# Too much power?



## 89Sentra (Jul 2, 2002)

If I'm running a Rockford 700s amp to my battery through 4 gauge wire will that be too much and cause my battery to drain and alternator not to perform correctly?

Thanks,
Jesse


----------



## G_Funk013 (Jul 9, 2002)

NO. I got a Siny 760Watt amp with 4 guage wires and it runs fine.


----------



## SentraStyleEMW (Aug 15, 2002)

G_Funk013 said:


> *NO. I got a Siny 760Watt amp with 4 guage wires and it runs fine. *


No offense intended...but a Sony 760 watt amp and a Rockford 700S are no where near each other as far as actually RMS output goes. The Rockford puts out way more power than the sony amp...and probably draws about twice the amount of current. But to answer the original question...you shouldn't have a problem with just running that amp.


----------



## Honest Bob (Nov 7, 2002)

Yeah, you should be fine. I am running 1200 watts with 4 guage and a stock electrical system.


----------



## 89Sentra (Jul 2, 2002)

Ok thanks a lot guys... 

Another question... while installing I made a stupid mistake and stripped a nut in the right speaker negative... Can I just put the right speaker negative in with the left one? Would that cause a problem?


----------



## Honest Bob (Nov 7, 2002)

Dont do it. It will short out your hu and probably kill it.


----------



## 89Sentra (Jul 2, 2002)

Im sorry if I didnt clarify the situation correctly...

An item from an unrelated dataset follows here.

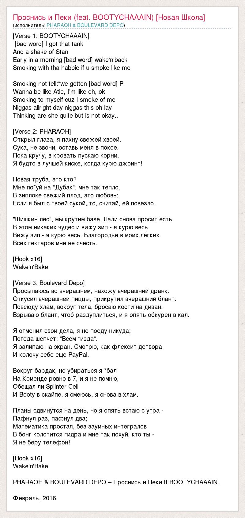 [Verse 1: BOOTYCHAAAIN] [bad word] I got that tank And a shake of Stan Early in a morning [bad word] wake'n'back Smoking with tha habbie if u smoke like me Smoking not tell:“we gotten [bad word] P” Wanna be like Atie, I’m like oh, ok Smoking to myself cuz I smoke of me Niggas allright day niggas this oh lay Thinking are she quite but is not okay.. [Verse 2: PHARAOH] Открыл глаза, я пахну свежей хвоей. Сука, не звони, оставь меня в покое. Пока кручу, в кровать пускаю корни. Я будто в лучшей киске, когда курю джоинт! Новая труба, это кто? Мне по*уй на "Дубак", мне так тепло. В зиплоке свежий плод, это любовь; Если я был с твоей сукой, то, считай, ей повезло. "Шишкин лес", мы крутим base. Лали снова просит есть В этом никаких чудес и вижу зип - я курю весь Вижу зип - я курю весь. Благородье в моих лёгких. Всех гектаров мне не счесть. [Hook x16] Wake'n'Bake [Verse 3: Boulevard Depo] Просыпаюсь во вчерашнем, нахожу вчерашний дранк. Откусил вчерашней пиццы, прикрутил вчерашний блант. Повсюду хлам, вокруг тела, бросаю кости на диван. Взрываю блант, чтоб раздуплиться, и я опять обкурен в кал. Я отменил свои дела, я не поеду никуда; Погода шепчет: "Всем *изда". Я залипаю на экран. Смотрю, как флексит детвора И колочу себе еще PayPal. Вокруг бардак, но убираться я *бал На Коменде ровно в 7, и я не помню, Обещал ли Splinter Cell И Booty в скайпе, я смеюсь, я снова в хлам. Планы сдвинутся на день, но я опять встаю с утра - Пафнул раз, пафнул два; Математика простая, без заумных интегралов В бонг колотится гидра и мне так похуй, кто ты - Я не беру телефон! [Hook x16] Wake'n'Bake PHARAOH & BOULEVARD DEPO – Проснись и Пеки ft.BOOTYCHAAAIN. Февраль, 2016.

I stirpped the alen key screw (dont no name lol) in the right negative terminal of my amp. When installing ym right sub if I put the negative to the left speaker terminal of my amp will that cause problems?

Hope that clears it up.. your asnwer may be correct but I dont understand how that would hurt the Head Unit if its from the sub to amp... 

Thanks again

Jesse


----------



## Honest Bob (Nov 7, 2002)

Sorry I thought you were talking about your head unit. It wont harm your head unit. I personnaly wouldnt try putting the grounds together. I suppose it could damage the amp, although I never heard of anyone doing that.


----------



## 89Sentra (Jul 2, 2002)

Ok thanks a lot..

Anyone else know? Or have any suggestions on how to get the thing out????


----------